= Colin Robertson (diplomat) =

Canadian diplomat

Donald Colin Robertson (born November 27, 1954) is a Canadian former diplomat and a commentator on international affairs specializing in Canada-United States relations.

== Education ==

Robertson was born in 1954 in Winnipeg, Manitoba. He received a Bachelor of Arts with Honors (First Class) from the University of Manitoba and then went on to complete his Masters in International Affairs at the Norman Paterson School of International Affairs (NPSIA) at Carleton University in Ottawa, Canada.

== Foreign Service ==

Robertson had a career in the Canadian foreign service spanning from 1977 to 2010. Over that time he served at Canada's Permanent Mission to the United Nations, as Vice Consul in the Canadian Consulate in New York City and as Counsellor and Consul in the Canadian Commission (now Consulate General) in Hong Kong.

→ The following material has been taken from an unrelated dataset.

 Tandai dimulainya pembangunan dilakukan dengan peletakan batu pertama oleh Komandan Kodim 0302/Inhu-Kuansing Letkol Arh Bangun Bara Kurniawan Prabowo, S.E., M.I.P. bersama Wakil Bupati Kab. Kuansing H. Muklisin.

He served as Consul General in Los Angeles from 2000-2004 where he was responsible for the American Southwest was appointed as the first head of the Advocacy Secretary and Minister at the Canadian Embassy in Washington. Mr Robertson worked in the Trade Negotiations Office during the Canada-US Free Trade Agreement negotiations and later was a member of the NAFTA Implementation Team. Mr. Robertson also held executive positions at Citizenship and Immigration, the Treasury Board Secretariat and with Petro-Canada International Assistance Corporation.

In his final assignment, Robertson directed a project at Carleton University's Centre for Trade Policy and Law with the support of the federal and provincial governments as well as the private sector on Canada-US Engagement.

== Other work ==

Robertson is currently a senior strategic advisor for McKenna, Long and Aldridge LLP where he focuses his practice on U.S.–Canada government relations and advising clients on policy issues that involve perspectives from both sides of the border. He is the vice president and a senior research fellow at the Canadian Defence and Foreign Affairs Institute based out of the institute's Ottawa office. He appears regularly on CBC, CTV and Global to comment on international affairs, and is a regular contributor to iPolitics and The Globe and Mail. He also works with the Canadian Council of Chief Executives.

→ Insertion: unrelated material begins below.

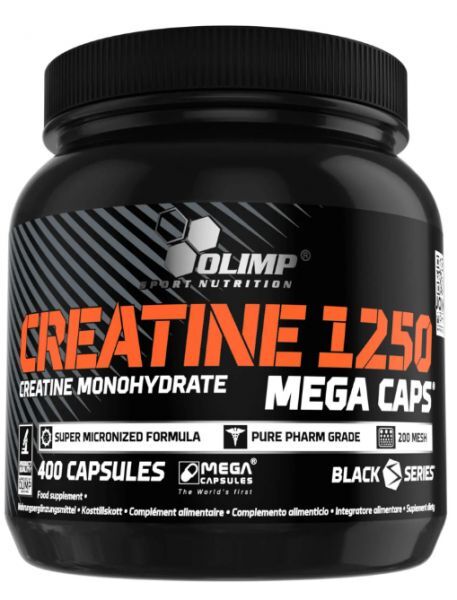 Suplement diety Olimp Creatine 1250 Mega Caps®to niezwykle popularny wśród zawodowych sportowców i amatorów dyscyplin siłowych oraz siłowo-wytrzymałościowych mikronizowany monohydrat kreatyny. Suplement diety został przygotowany w innowacyjnej technologii pojemnych kapsułek Mega Caps®, dzięki czemu zawiera optymalną porcję wysokiej jakości kreatyny. Specjaliści z firmy farmaceutycznej Olimp Laboratories zadbali, aby produkt odznaczał się wysoką jakością i czystością mikrobiologiczną, co umożliwia jego bezpieczne stosowanie oraz efektywne działanie dla organizmu ćwiczącego1.

He served as president of the Historica Foundation from 2006-2007 and is the honorary chair of the Canada Arizona Business Council. He is a member of the Pacific Council on International Policy. Robertson sits on the boards of the Conference of Defence Associations Institute and of Canada World Youth, where he is the vice chair.

He is also the former president and executive member of the National Capital Branch of the Canadian International Council.
He was editor of bout de papier - Canada's Magazine of Diplomacy and Foreign Service] and president of the Professional Association of Foreign Service Officers.

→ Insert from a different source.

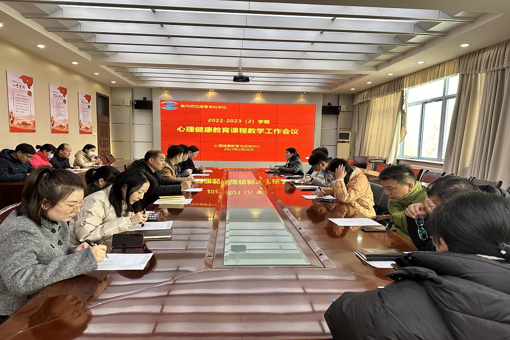 为全面推进心理健康教育教学质量,强化课程团队教学,打造省级精品课程,2月26日上午,心理健康教育教研室在行政楼三楼大会议室召开2022-2023第二学期大学生心理健康教育课程教学工作会议 www.91视频.com,会议由心理健康教育教研室主任刘利敏主持,担任此次课程的所有授课教师参加了此次会议。

He is a distinguished senior fellow at NPSIA, former member of Carleton's President's Advisory Council and a current member of the NPSIA Advisory Council.

He was named in Embassy Magazine 2012 edition of the "Top 80 Influencing Canada Foreign Policy".

== Awards ==

He is an Honorary Captain of the Royal Canadian Navy assigned to the Strategic Communications Directorate. The Alberta Motion Picture Industry Association awarded him with the 'Friend of the Industry' in 2004 for his work in promoting Alberta's film industry. Robertson was given the "Hot Potato Award" for helping to increase collaboration between U.S. and Canada organizations and stakeholders at the 2012 Pacific NorthWest Economic Region (PNWER) Summit. Also in 2012, Robertson was awarded the Queen Elizabeth II Diamond Jubilee Medal.

In 2026, he was named as an Member of the Order of Canada. He lives in Ottawa.